I enquired at Brownhills as to the price of replacement carpets for the van. I was quoted £220. We all know how dealers love to overcharge.

Does anyone know of anyone else who supplies them ?

Cheers

DJM


----------



## cabby (May 14, 2005)

If you have existing carpets to use as templates, then most good carpet shops can do this for you, which gives you a wider range to choose from, just remind them that the edges need whipping.

cabby


----------



## deefordog (Dec 31, 2013)

From experience, it's the whipping that costs the money. £220 doesn't sound too bad in my book but then again, what's the quality like? We had some from Swift and the fit and quality was pants, so we sent them back.

Kustom Sport used to supply most of the mainstream UK motorhome manufacturers until a few years ago, so they may even have the original templates for your MH. They'll even send you carpet samples of various colours and quality to suit your budget http://www.kustomsport.co.uk/


----------



## Ozzyjohn (Sep 3, 2007)

I've no idea of the price, but as an alternative to whipping this looks like a possible diy alternative - http://stairrods.co.uk/easybind-carpet-binding/

Regards,
John


----------



## carpe diem (Apr 16, 2016)

http://www.bespokerugs.com/index.php

theres this place in Leeds, in the FAQ's it says £3 per metre for whipping


----------



## emmbeedee (Oct 31, 2008)

Previous threads here:

http://forums.motorhomefacts.com/25-company-reports/17310-need-new-fitted-carpets.html

http://forums.motorhomefacts.com/20-motorhome-chitchat/94425-motorhome-carpets.html

I used Crusader, as mentioned in there. £65 for three rugs, don't know what current price is but don't suppose much different now.


----------



## Pudsey_Bear (Sep 25, 2008)

We looked into it and whipping alone was at least £1 per foot, plus carpet, plus cutting, plus Delivery and VAT.
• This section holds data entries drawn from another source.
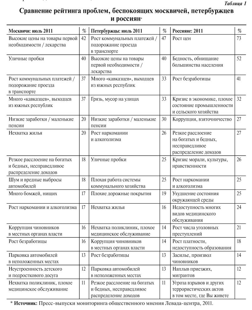 Мониторинг общественного мнения, проводимый центром Юрия Левады, с завидной регулярностью показывает, что «наплыв мигрантов», особенно «кавказцев» и «выходцев из южных республик», занимает третье место в рейтинге основных проблем москвичей и петербуржцев[4]. При этом плохая экология, нехватка и низкое качество жилья, произвол милиции, снижение уровня школьного образования и медицинского обслуживания, преступность и бандитизм отодвигаются респондентами в конец списка.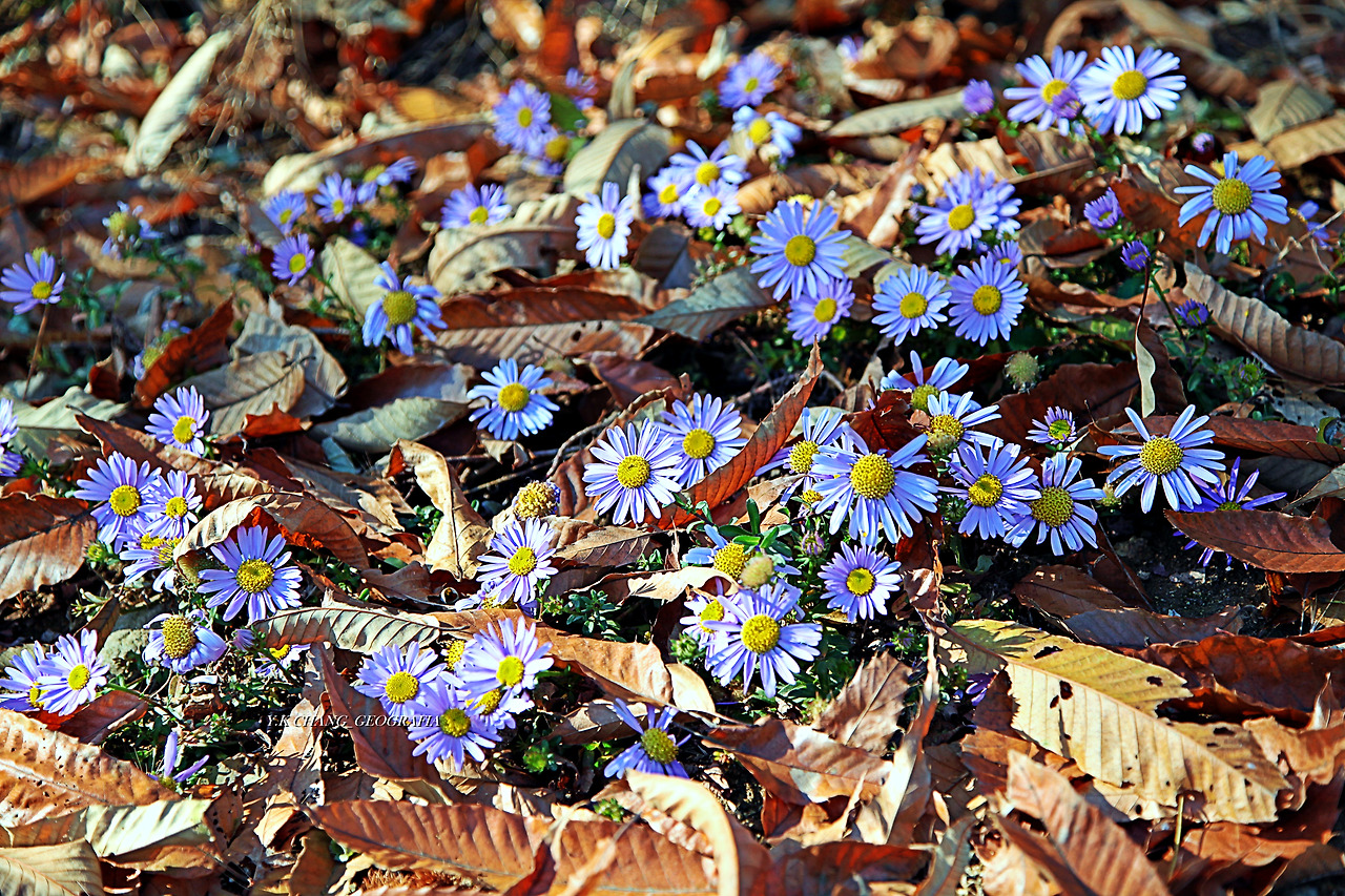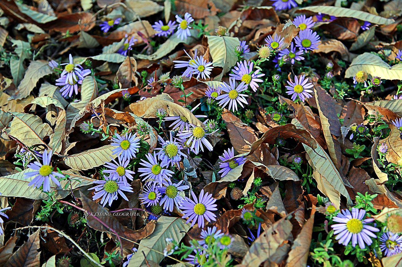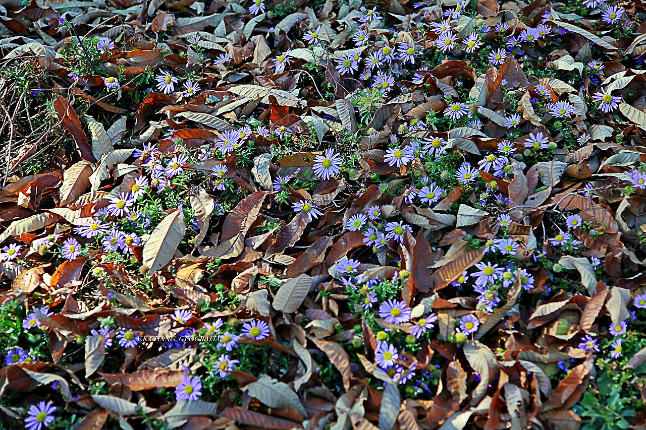 이파리를 다 떨구어가는 참나무 아래서 잎을 헤집고 나오거나 뒤집어쓴 채 이방인을 만나게 된 것이다. 토양이 척박해 보이지도 않는데 녀석들의 키는 '기다림'이라는 꽃말과 조금 다른 모습이었다. 그리고 납작하게 엎드려 보랏빛 꽃잎을 내놓은 이들은 다른 꽃말 '그리움'을 쏙 빼닮았다. 주로 음지에서 자란 녀석들이 양지를 그리워하면서 만추의 땡볕 한 알 조차 소중하게 여긴다고나 할까..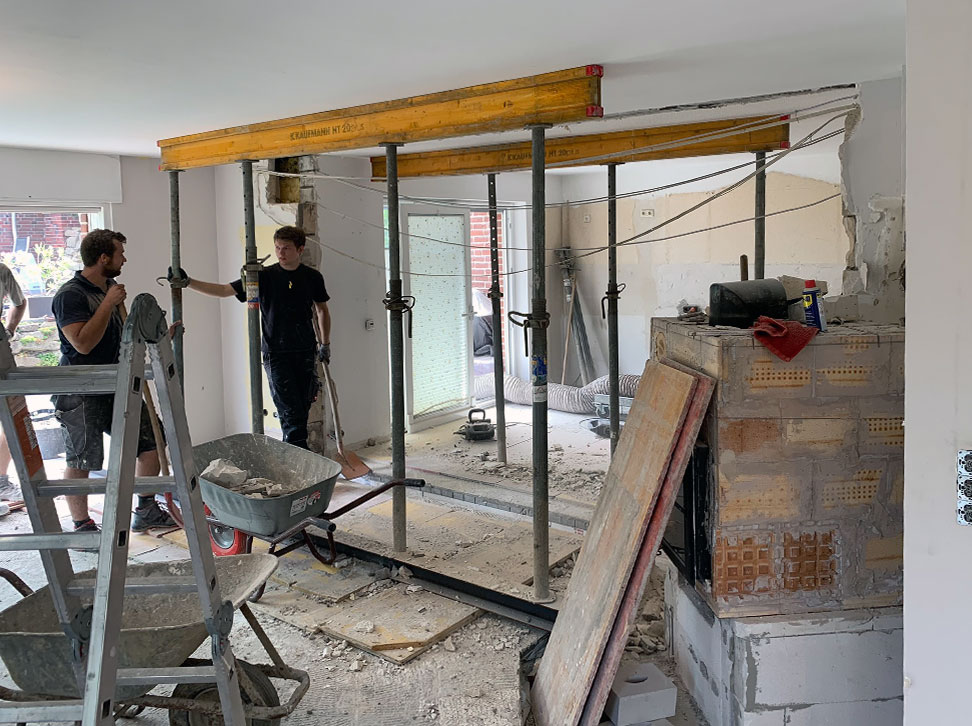 Einbau von Stahlträgerkonstruktionen bei tragenden Innen- und Außenwänden zur Öffnung oder Verbindung kleiner Räume zu einem größeren Raum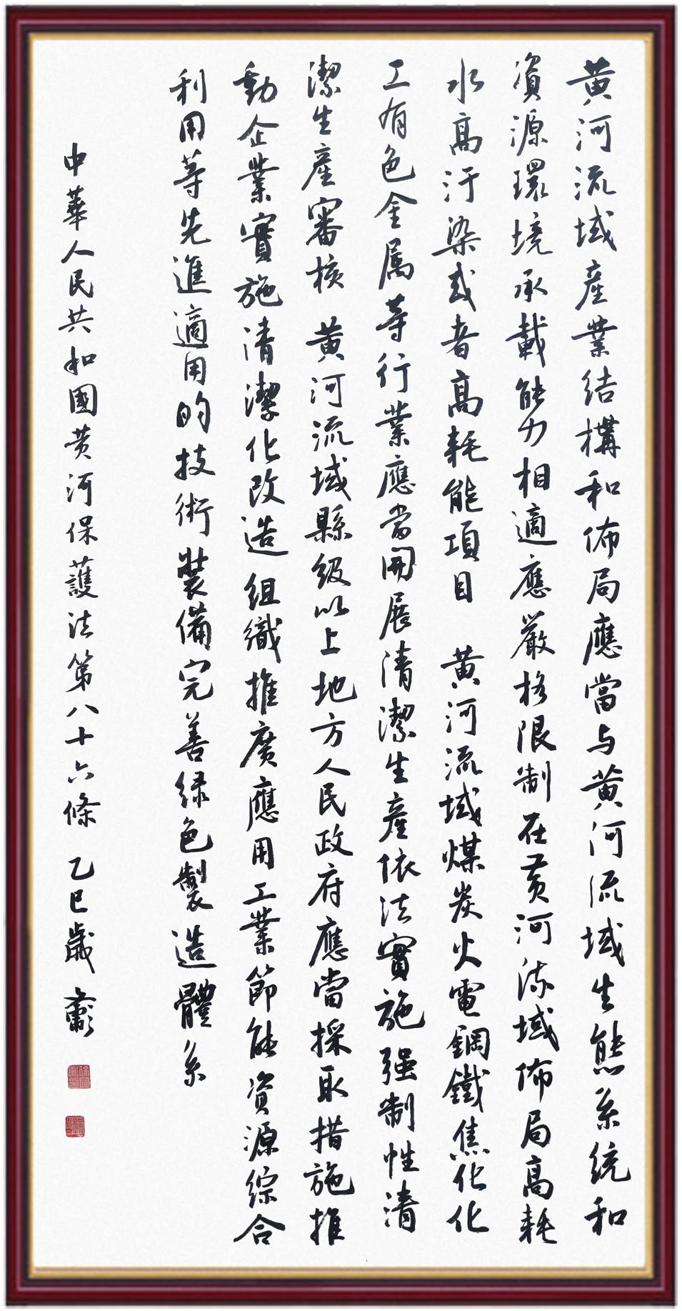 黃河寧,天下平。黃河是中華民族的發(fā)源地和搖籃,保護(hù)黃河是事關(guān)中華民族偉大復(fù)興的千秋大計(jì)?!吨腥A人民共和國(guó)黃河保護(hù)法》為推進(jìn)水資源節(jié)約集約利用、保護(hù)傳承弘揚(yáng)黃河文化、推動(dòng)黃河流域生態(tài)保護(hù)和高質(zhì)量發(fā)展提供了有力法治保障。繼書(shū)寫(xiě)《中華人民共和國(guó)民法典》《中華人民共和國(guó)憲法》《中華人民共和國(guó)澳門特別行政區(qū)基本法》《中華人民共和國(guó)香港特別行政區(qū)基本法》《中華人民共和國(guó)國(guó)旗法》《中華人民共和國(guó)國(guó)徽法》《中華人民共和國(guó)國(guó)歌法》《中華人民共和國(guó)法官法》等法律法規(guī)之后,法制日?qǐng)?bào)社聯(lián)合沿黃九?。▍^(qū))司法廳、書(shū)法家協(xié)會(huì),將筆端對(duì)準(zhǔn)《中華人民共和國(guó)黃河保護(hù)法》。

I bought the carpet, and cut it to fit against something on all the edges using a cardboard template, made from cereal boxes etc, no whipping needed, just a little UHU glue along the edges to stop it fraying, cost about £20 and one very achy hand.


----------



## DJMotorhomer (Apr 15, 2010)

I contacted Kustomsport and they quoted me (unseen) £240 thats £20 dearer than Brownhills !!!

DJM


----------